Черный ирис. Белая сирень - Тэффи Надежда Александровна 2 стр.


* * *

Мне тринадцать лет.

Каждый вечер, в ущерб заданным урокам я читаю и перечитываю все одну и ту же книгу – "Война и мир".

Я влюблена в князя Андрея Болконского. Я ненавижу Наташу, во-первых, оттого, что ревную, во-вторых, оттого, что она ему изменила.

– Знаешь, – говорю я сестре, – Толстой, по-моему, неправильно про нее написал. Не могла она никому нравиться. Посуди сама – коса у нее была "негустая и недлинная", губы распухшие. Нет, по-моему, она совсем не могла нравиться. А жениться он на ней собрался просто из жалости.

Потом, еще мне не нравилось, зачем князь Андрей визжал, когда сердился. Я считала, что Толстой это тоже неправильно написал. Я знала наверное, что князь не визжал.

Каждый вечер я читала "Войну и мир".

Мучительны были те часы, когда я подходила к смерти князя Андрея.

Мне кажется, что я всегда немножко надеялась на чудо. Должно быть, надеялась, потому что каждый раз то же отчаяние охватывало меня, когда он умирал.

Ночью, лежа в постели, я спасала его. Я заставляла его броситься на землю вместе с другими, когда разрывалась граната. Отчего ни один солдат не мог догадаться толкнуть его? Я бы догадалась, я бы толкнула.

Потом посылала к нему всех лучших современных врачей и хирургов.

Каждую неделю читала я, как он умирает, и надеялась, и верила чуду, что, может быть, на этот раз он не умрет.

Нет. Умер! Умер!

Живой человек один раз умирает, а этот вечно, вечно.

И стонало сердце мое, и не могла я готовить уроков. А утром… Сами знаете, что бывает утром с человеком, который не приготовил урока!

И вот наконец я додумалась. Решила идти к Толстому, просить, чтобы он спас князя Андрея. Пусть даже женит его на Наташе, даже на это иду, даже на это! – только бы не умирал!

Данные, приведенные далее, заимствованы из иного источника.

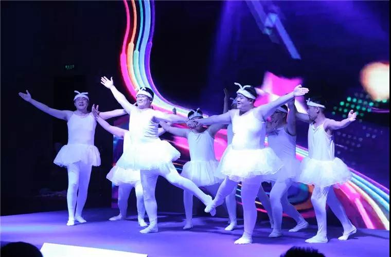 最讓人“眼前一亮”的是營銷招商部的八個(gè)重量級(jí)“小天鵝”,上臺(tái)為大家?guī)砹艘欢巍皟?yōu)美”的芭蕾。

Спросила гувернантку – может ли автор изменить что-нибудь в уже напечатанном произведении. Та ответила, что как будто может, что авторы иногда для нового издания делают исправления.

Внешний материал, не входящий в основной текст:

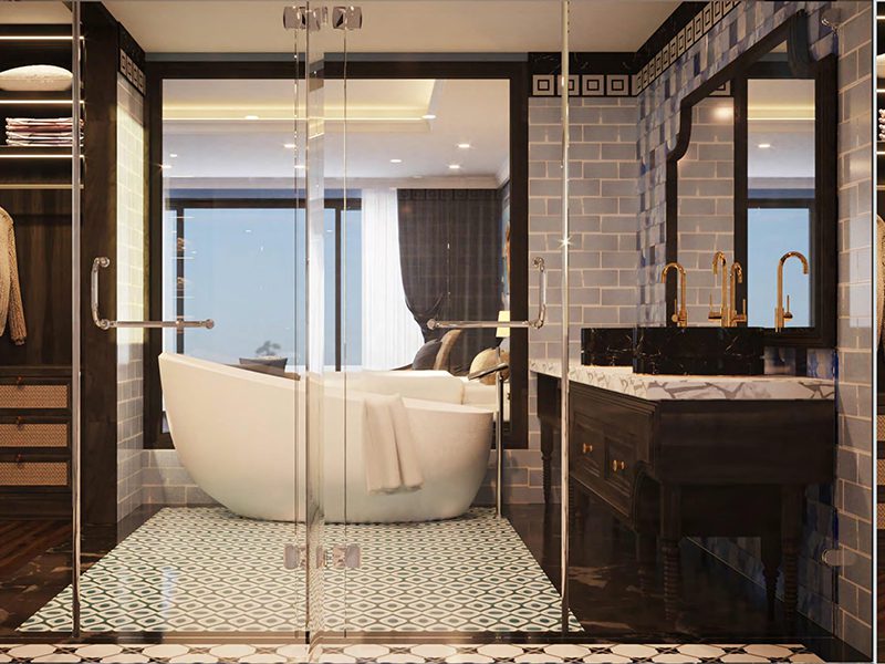 • Thiết kế 2 tầng gồm 2 phòng ngủ: mỗi tầng 1 phòng ngủ mở view kính hướng ra đồi thông.

Посоветовалась с сестрой. Та сказала, что к писателю нужно идти непременно с его карточкой и просить подписать, иначе он и разговаривать не станет, да и вообще с несовершеннолетними они не говорят.

Было очень жутко.

Исподволь узнавала, где Толстой живет. Говорили разное – то, что в Хамовниках, то, что будто уехал из Москвы, то, что на днях уезжает.

Купила портрет. Стала обдумывать, что скажу. Боялась – не заплакать бы. От домашних свое намерение скрывала – осмеют.

Наконец решилась. Приехали какие-то родственники, в доме поднялась суетня – время удобное. Я сказала старой няньке, чтобы она проводила меня "к подруге за уроками", и пошла.

Толстой был дома. Те несколько минут, которые пришлось прождать в передней, были слишком коротки, чтобы я успела удрать, да и перед нянькой было неловко.

Помню, мимо меня прошла полная барышня, что-то напевая. Это меня окончательно смутило. Идет так просто, да еще напевает и не боится. Я думала, что в доме Толстого все ходят на цыпочках и говорят шепотом.

Наконец – он. Он был меньше ростом, чем я ждала. Посмотрел на няньку, на меня. Я протянула карточку и, выговаривая от страха "л" вместо "р", пролепетала:

– Вот, плосили фотоглафию подписать.

Он сейчас же взял ее у меня из рук и ушел в другую комнату.

Тут я поняла, что ни о чем просить не смогу, ничего рассказать не посмею, и что так осрамилась, погибла навеки в его глазах, со своим "плосили" и "фотоглафией", что дал бы только Бог убраться подобру-поздорову.

Он вернулся, отдал карточку. Я сделала реверанс.

– А вам, старушка, что? – спросил он у няньки.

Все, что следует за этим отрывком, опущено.